The implementation study for MIHOPE-Strong Start will document the key features of HFA's and NFP's service models and implementation systems (at the national and local levels) that are expected to affect birth and health outcomes. The implementation research will answer these specific questions:

- How is each evidence-based service model — HFA and NFP — defined?

- How do local home visiting programs specify or adapt their service models relative to the national models with which they are affiliated?

- To what extent are local service models and implementation systems focused on preterm birth and related outcomes?

- What dosage of services do families actually receive in local programs and how much does it differ from the intended dosage?

- What kinds of referrals are provided to community services that could affect birth outcomes and the child's and mother's health?

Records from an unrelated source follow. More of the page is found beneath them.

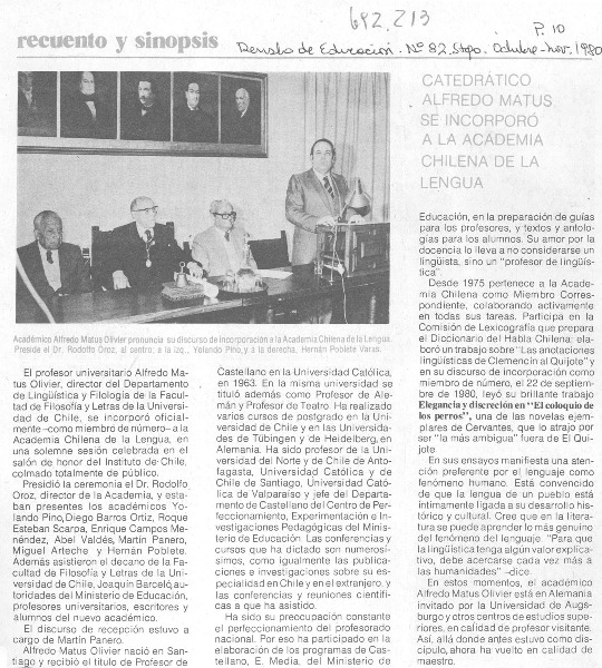 Catedrático Alfredo Matus se incorporó a la Academia Chilena de la Lengua. [artículo]
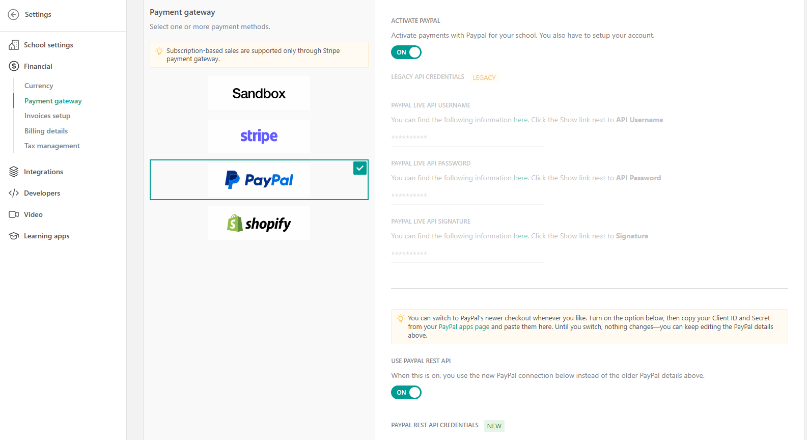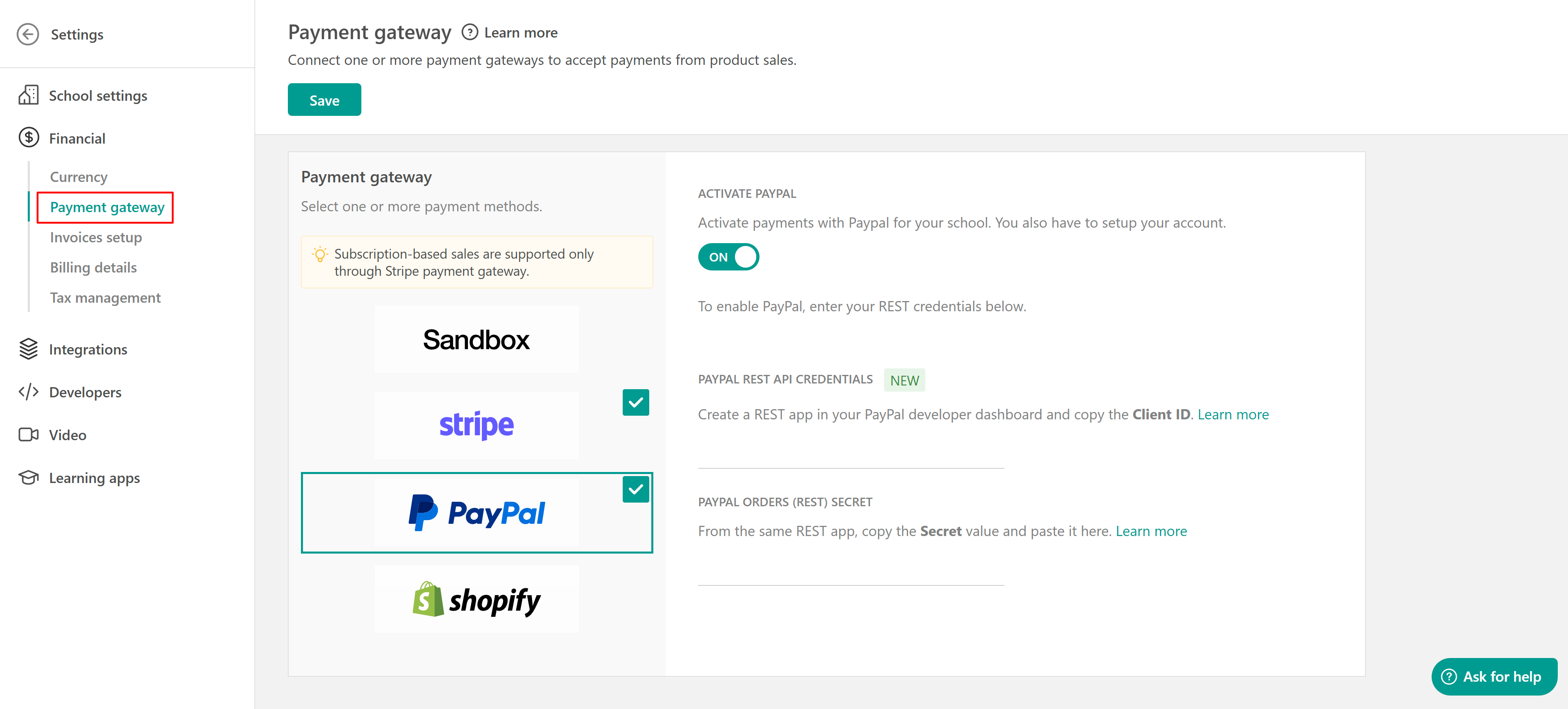 Go to Settings → Financial → Payment Gateway and choose the PayPal option. Paste the PayPal Client ID and Secret in the respective LearnWorlds fields.
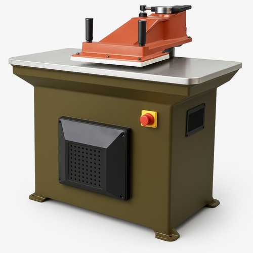 Automatic stainless steel hydraulic swing arm cutting clicking machine, model KS-22T. Features 2HP/1.5KW power and 650 kg weight. Ideal for 10-100mm feeding size.

- How do programs' inputs (such as the two evidence-based models, the extent of focus on birth outcomes, family characteristics, staff attributes, and community characteristics) relate to achieved outputs (in particular, the dosage of services received and referrals provided)?

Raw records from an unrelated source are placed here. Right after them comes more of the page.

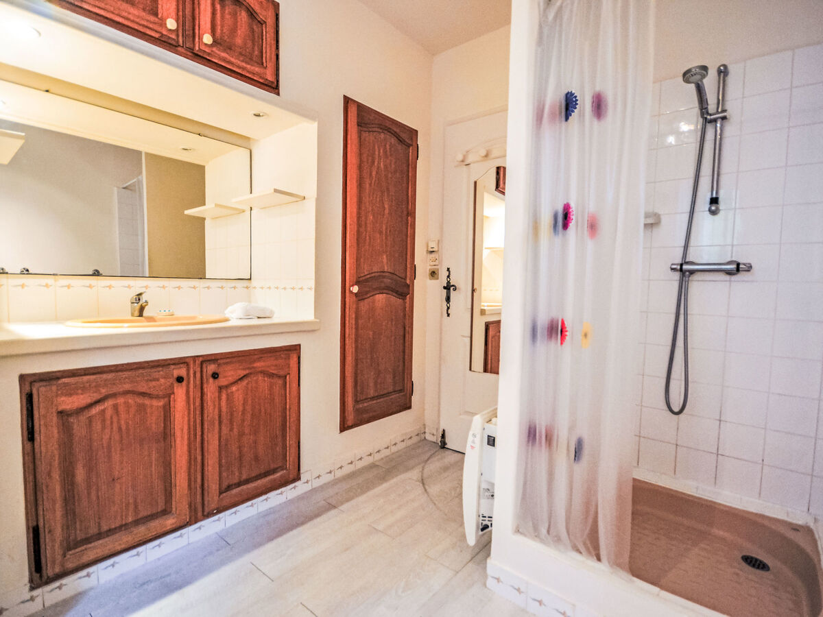 1 chambre avec 1 grand-lit (140 cm, longueur 190 cm), douche.
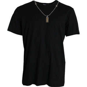 تي شيرت Dolce & Gabbana أنيق من القطن باللون الأسود مع تفاصيل علامة تعريفية
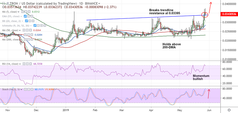 TRX/USD edged lower from new 10-month highs at 0.03513 hit on Monday.
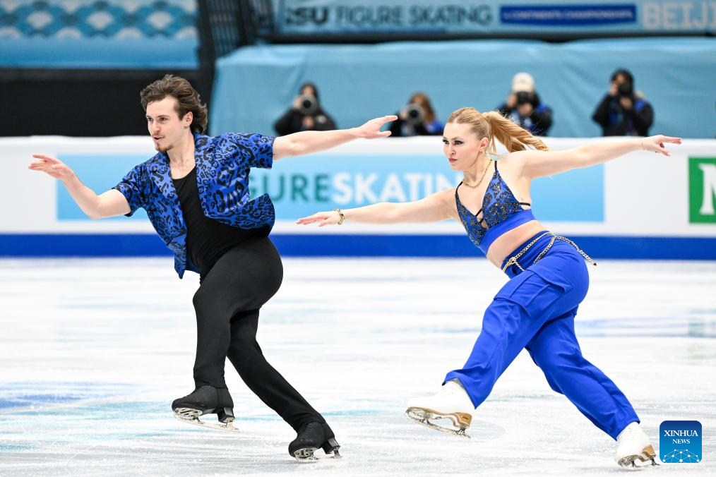 Alicia Fabbri (derecha) y Paul Aye, de Canadá, actúan durante la danza rítmica sobre hielo en el Campeonato de Patinaje Artístico de los Cuatro Continentes de la ISU en Beijing, China, el 22 de enero de 2026. (Xinhua/Ju Huanzong).

Finally, the study will examine the intersection of impacts and implementation to answer the research question:

- How do home visiting programs using these two evidence-based models achieve their results?

To provide unbiased estimates of the effects of home visiting programs, families who are recruited into the study will be randomly assigned either to a program group that can receive home visiting services or to a control group that can use other services available in the community. Although the feasibility of carrying out random assignment must be assessed community-by-community, discussions with states and local programs thus far indicate that the need for home visiting services far exceeds the capacity of local programs in most places, allowing for the ethical creation of a control group. Other than home visiting services from the programs participating in MIHOPE-Strong Start, control group members can receive services available in the community for which they would normally be eligible. Control group members will receive referrals to such services. After their child reaches one year of age, those assigned to the control group will be able to receive home visiting services, if they are eligible for the local program. The evaluation will adhere to all ethical standards for program evaluation and has undergone human subjects review by the MDRC Institutional Review Board.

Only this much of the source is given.